Так как офис транспортной компании «ТИП-ТОП» располагался в мансардном этаже старого, но хорошо отреставрированного, трёхэтажного здания, у Глеба было, по-моему, лучшее место. Особенно шикарным было огромное полукруглое окно с длинным широким подоконником, на котором я спал. Илве это всегда не нравилось, и, пользуясь моим отсутствием, она поспешила поставить туда какие-то уродливые статуэтки. Но я намекнул Глебу, и он как бы невзначай, оказался возле окна и, обнаружив там этот странный декор, потребовал, чтобы Илва его убрала. И я снова лёг на своё законное место.
Илва же села в кресло, отвернувшись от Глеба, но даже со спины было заметно, что ей есть что сказать. Она была требовательна, упряма, одним словом, классическая зануда. По крайней мере, так считал Глеб. И когда ему хотелось её позлить, он начинал говорить как она, с растяжкой. И я ждал, когда же это произойдёт, потому что мне это всегда нравилось. И вот….
— Глеб, — повернулась Илва, — может, всё-таки есть возможность перенести могилу в другое место?
— Илва, — включился Глеб, — может, перенесём этот разговор на следующее десятилетие?
— Ты не выносим! Ты просто упрямый идиот! Тебе эта собака дороже, чем родная дочь! — она говорила, как бы тыкая Глебу в лицо указательным пальцем, прекрасно зная, что он всё равно этого не видит, а её лицо при этом было мегеристно-отвратительным.
Вообще, Илва не плохая. Она много работает, беспокоится о Глебе, он ей доверяет, а это много значит. Я вижу, что она его немного ревнует. И это несмотря на Игоря, которого она называет «Игар».
Бесновалась Илва не из-за меня и моей могилы, а из-за дочери. Уже в первом классе у неё стало ухудшаться зрение. Илва забила тревогу, стала водить Женю от одного офтальмолога к другому. Глебу эта новость далась ещё труднее — его «кармические хвосты».

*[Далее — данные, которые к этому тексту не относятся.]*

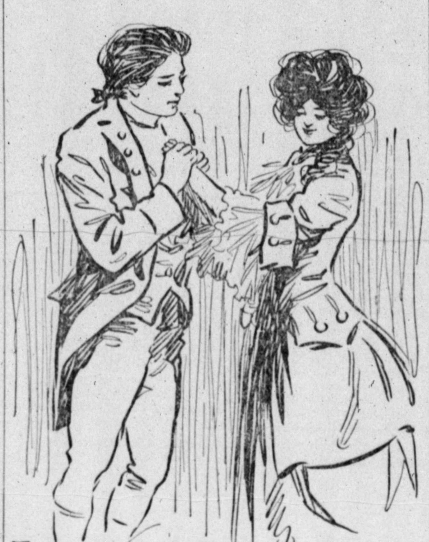
His Dark, Eager Face Was Near Hers Now

kingdom of heaven." Thus as we hastily look over these lessons from these two viewpoints, we are led to conclude with the first declaration of the Golden Text for the Cay.

Мнения специалистов разделились: одни категорически не рекомендовали напрягать зрение, то есть, свести чтение и просмотр телевизора к минимуму, а побольше слушать — музыку, аудиокниги. Другие наоборот — ни в коем случае не уменьшать нагрузку, считая это некой тренировкой для глаз, которая поможет оттянуть или вовсе предотвратить незрячесть. И тут разделились мнения родителей: Илва полностью согласилась с товарищами из первой группы, Глебу был ближе второй вариант.
Надо сказать, что до поры до времени, Илва вообще ничего не знала о его болезни — Глеб тактично об этом умолчал. Подумаешь, человек носит очки. Он и первой жене ничего не говорил, но у старшей дочери таких проблем и не обнаружилось. И Глеб надеялся, что и Жени это не коснётся.
Видимо, Илва решила, что малейшее волнение, может отрицательно повлиять на зрение, наверное, ещё и потому, что Женя много плакала из-за меня, а слёзы как, известно, выделяются из глаз. Немного косноязычно, но мне простительно.
Равнодушный и сонный как бассет-хаунд, Глеб, помня, как выглядит Илва в моменты ссор, по-моему, даже радовался тому, что уже не видел её. И как только за ней закрылась, почти захлопнулась, дверь, Глеб улыбнулся и, откинувшись в кресле, придал голове «кривое» положение, как-то по диагонали, и лицо его снова сделалось глупым и мечтательным.